### DATA EXCERPT
[Start of section]

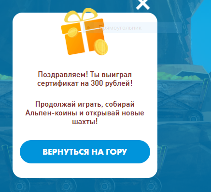 - За каждую 1 упаковку продукции в зарегистрированном чеке участник получает 1 «Альпен-коин», за каждый уровень открывается доступ к розыгрышу Призов.
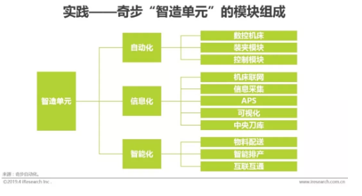 “智造單元”是一種模塊化的小型數字化工廠實踐,整個單元由自動化模塊、信息化模塊和智能化模塊三部分組成,以“最小的數字化工廠”實現企業在多品種小批量乃至單件自動化的生產智能化。
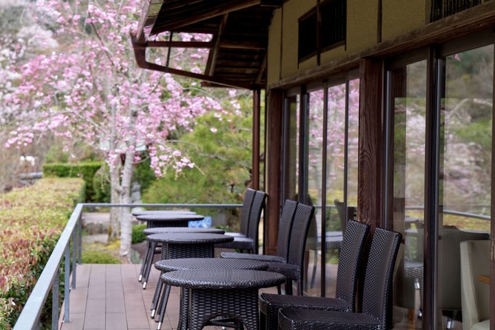 スイートルーム4室を含む17室には露天風呂があり、敷地内の桜を眺めながらゆったりと過ごすことができる客室も。このほか、築120年超の明治期の建物を改装したレストラン「京 翠嵐」や、1910年に建てられた茅葺屋根の庵の名残を感じるカフェ「茶寮 八翠」(写真)でも桜の景色が眼前に広がる。
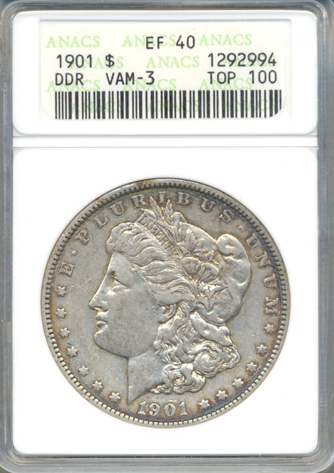 One 1901 $1 Morgan Silver Dollar Coin ANACS EF40.

[End of section]

### WHAT YOU WILL DO
Transcribe everything above exactly. Do not include the pictures.

### REPLY TO THE TASK
 - За каждую 1 упаковку продукции в зарегистрированном чеке участник получает 1 «Альпен-коин», за каждый уровень открывается доступ к розыгрышу Призов.
 “智造單元”是一種模塊化的小型數字化工廠實踐,整個單元由自動化模塊、信息化模塊和智能化模塊三部分組成,以“最小的數字化工廠”實現企業在多品種小批量乃至單件自動化的生產智能化。
 スイートルーム4室を含む17室には露天風呂があり、敷地内の桜を眺めながらゆったりと過ごすことができる客室も。このほか、築120年超の明治期の建物を改装したレストラン「京 翠嵐」や、1910年に建てられた茅葺屋根の庵の名残を感じるカフェ「茶寮 八翠」(写真)でも桜の景色が眼前に広がる。
 One 1901 $1 Morgan Silver Dollar Coin ANACS EF40.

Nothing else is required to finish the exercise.